Oil producer Royal Dutch Shell says it may not be able to honour contracts for April and May after attacks on its pipelines in southern Nigeria.

The company declared the so-called force majeure following an announcement that it would have to cut exports from the region by about 169,000 barrels per day.


The Movement for the Emancipation of the Niger Delta (Mend)
, which had claimed responsibility for the attack on the Bonny terminal last week which forced the cut, on Monday said it had sabotaged two more pipelines.

Tony Okonedo, a Shell spokesman, later said that he could "confirm two new attacks on the Soku-Buguma and Buguma-Alakiri pipelines".

He said the company was investigating the extent of the damage.

High oil prices


Shell is Nigeria's largest oil operator and accounts for about half of the country's 2.1 million barrels per day output.

The reported attacks came as an international energy forum, which brings together oil producers and consumers in Rome, heard that the world was facing a long period of high oil prices. Unrest in Nigeria, along with the weak US dollar and the refusal of oil-producing countries to increase output, has pushed oil to a record $117.81 a barrel in New York.
At the same time, London's Brent North Sea crude for June delivery hit a record $114.86.

Mend says it is stepping up its activities after the arrest of one of its leaders, Henry Okah, who is on trial for terrorism and treason.

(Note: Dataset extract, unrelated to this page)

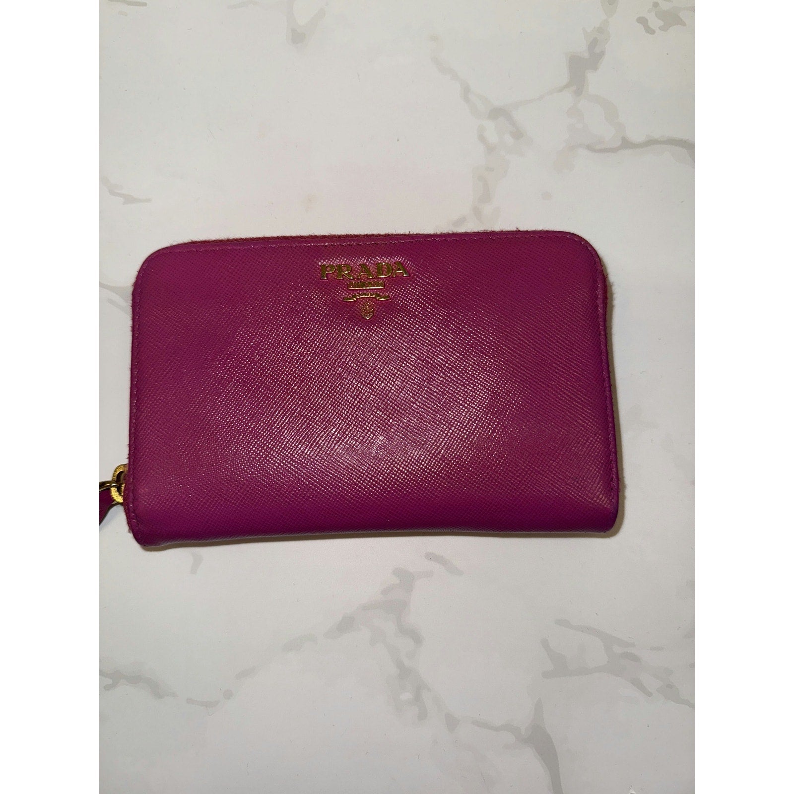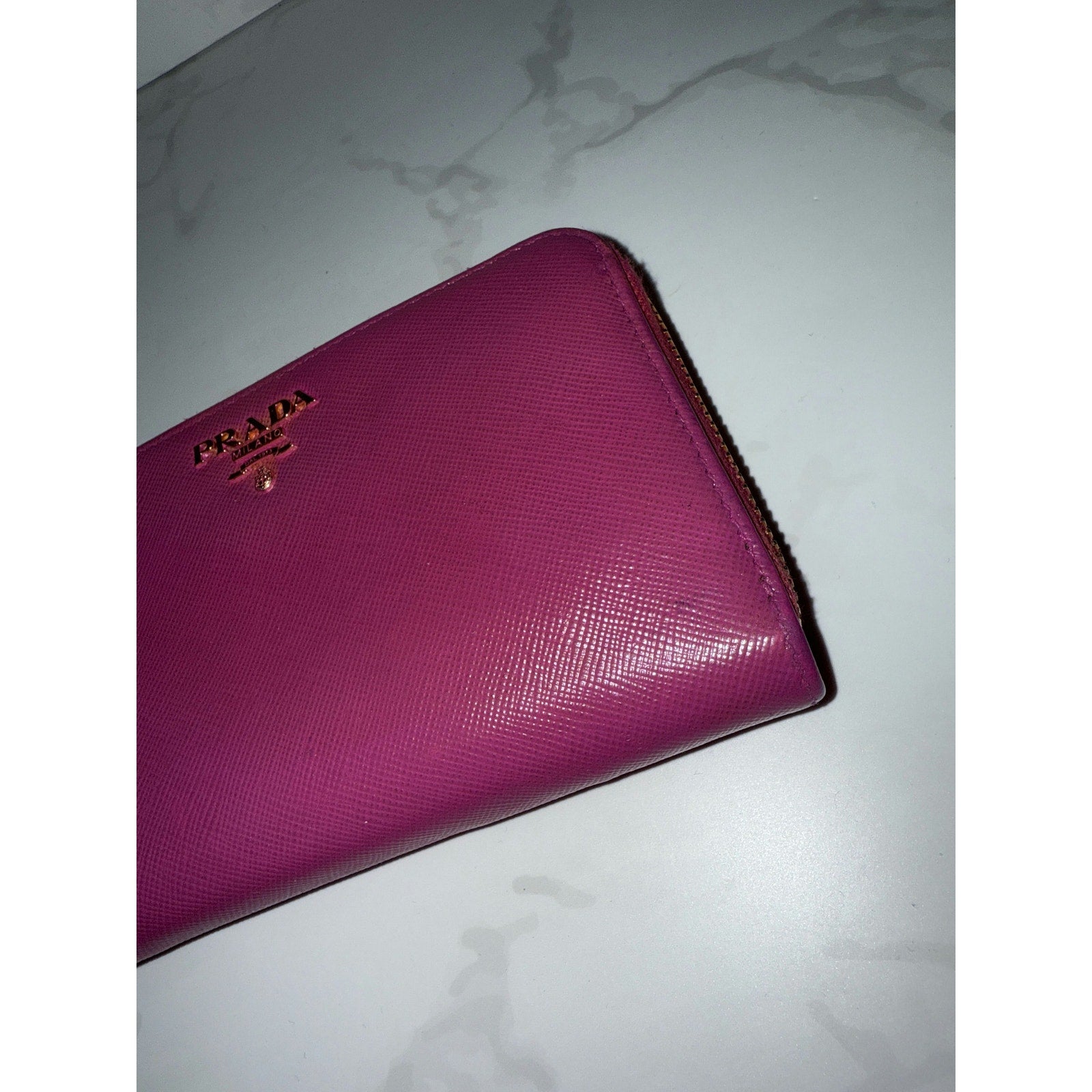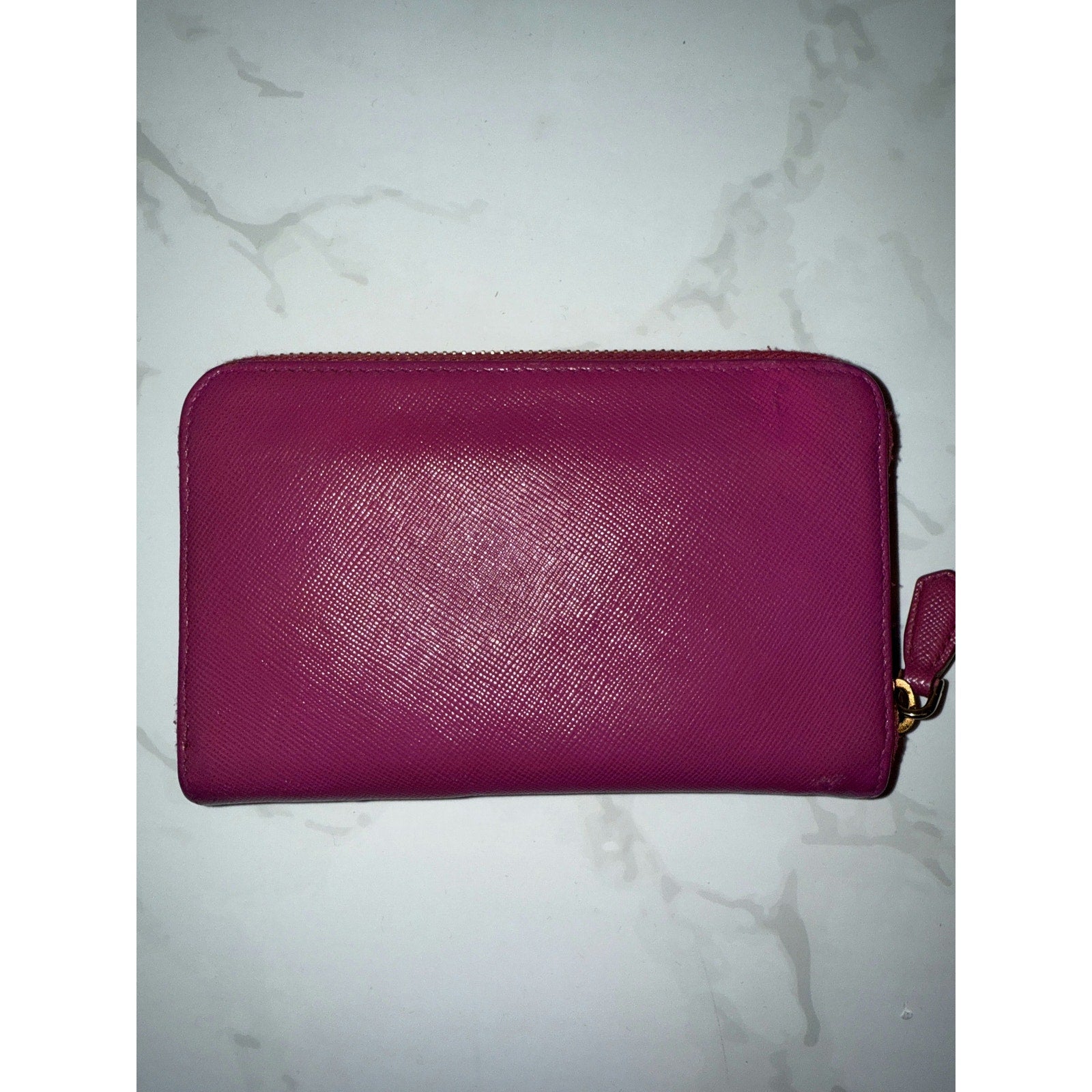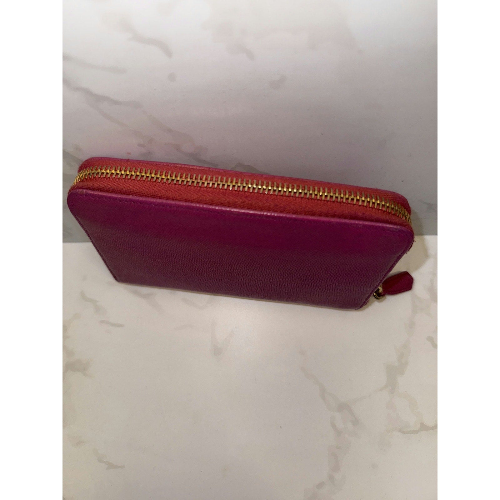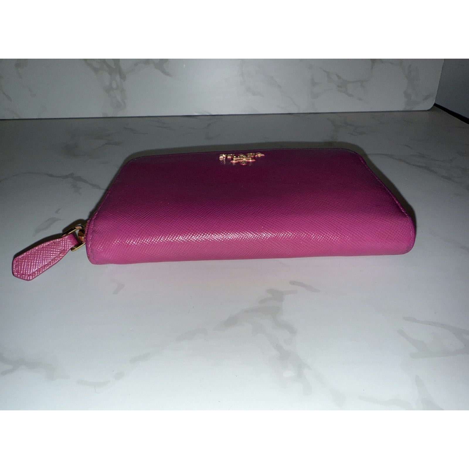 This vibrant Prada wallet in pink Saffiano leather offers both elegance and practicality. The zip-around design ensures security, while the interior provides ample space for cards and essentials.
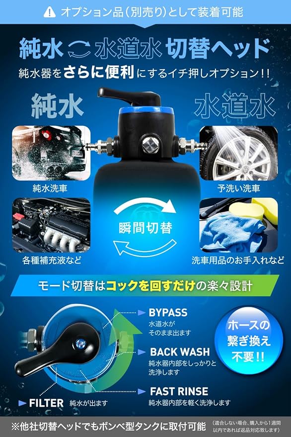 ✅ 使い方はとても簡単 ① IN側を水道、OUT側を散水ノズルまたは高圧洗浄機へ接続 ② 洗車〜すすぎは水道水でOK ③ 仕上げだけ純水で流すと、樹脂が長持ちして経済的です 業務用の品質ながら、扱いやすくご家庭でも簡単に使えるのが特徴です。

The group has also called for mediation by Jimmy Carter, the former US president, with the aim of ending the long-running crisis.

'Ripple effect'


"Mend expressed its willingness to embrace a genuine and transparent peace programme without getting any response. The ripple effect of this attack will touch your economy and people one way or the other and hope we now have your attention," it said in a statement.
It said that the attacks were a "way of saying 'welcome'" to a US warship, the high-speed vessel Swift, which has been visiting the Gulf of Guinea to conduct training with the Nigerian navy.

"Mr President [Bush], your warships do not intimidate us. Instead they only embolden our resolve in fighting the Goliaths of the world that support injustice," the statement said.

The group emerged in early 2006, launching bombing attacks on Nigeria's oil infrastructure that cut about one-quarter of the usual oil output in Africa's biggest crude producer.

It wants a greater share of oil revenues for areas that remain deeply poor despite the the country being Africa's biggest oil producer.

Prices 'too high'


Nobuo Tanaka, head of the International Energy Agency (IEA), said that oil prices, at their current level, were "too high for everybody, especially for developing countries".

But Rafael Ramirez, Venezuela's energy minister, said that oil prices would remain as high as at least $90 for the foreseeable future. "Oil prices can't fall ... production costs have increased," he said.

Fulvio Conti, chief executive of Italian energy giant ENEL, predicted that "oil prices will remain high as long as demand remains high".

The Organisation of Petroleum Exporting Countries (Opec) has insisted that increasing production would not resolve the situation.

"Opec is producing as much as the market requires. As a matter of fact, there's some surplus on the market," Hussain al-Shahristani, Iraq's oil minister, said.

However, Tanaka said that runaway oil prices could even spur some countries to speed up their investment in alternative and renewable sources of energy.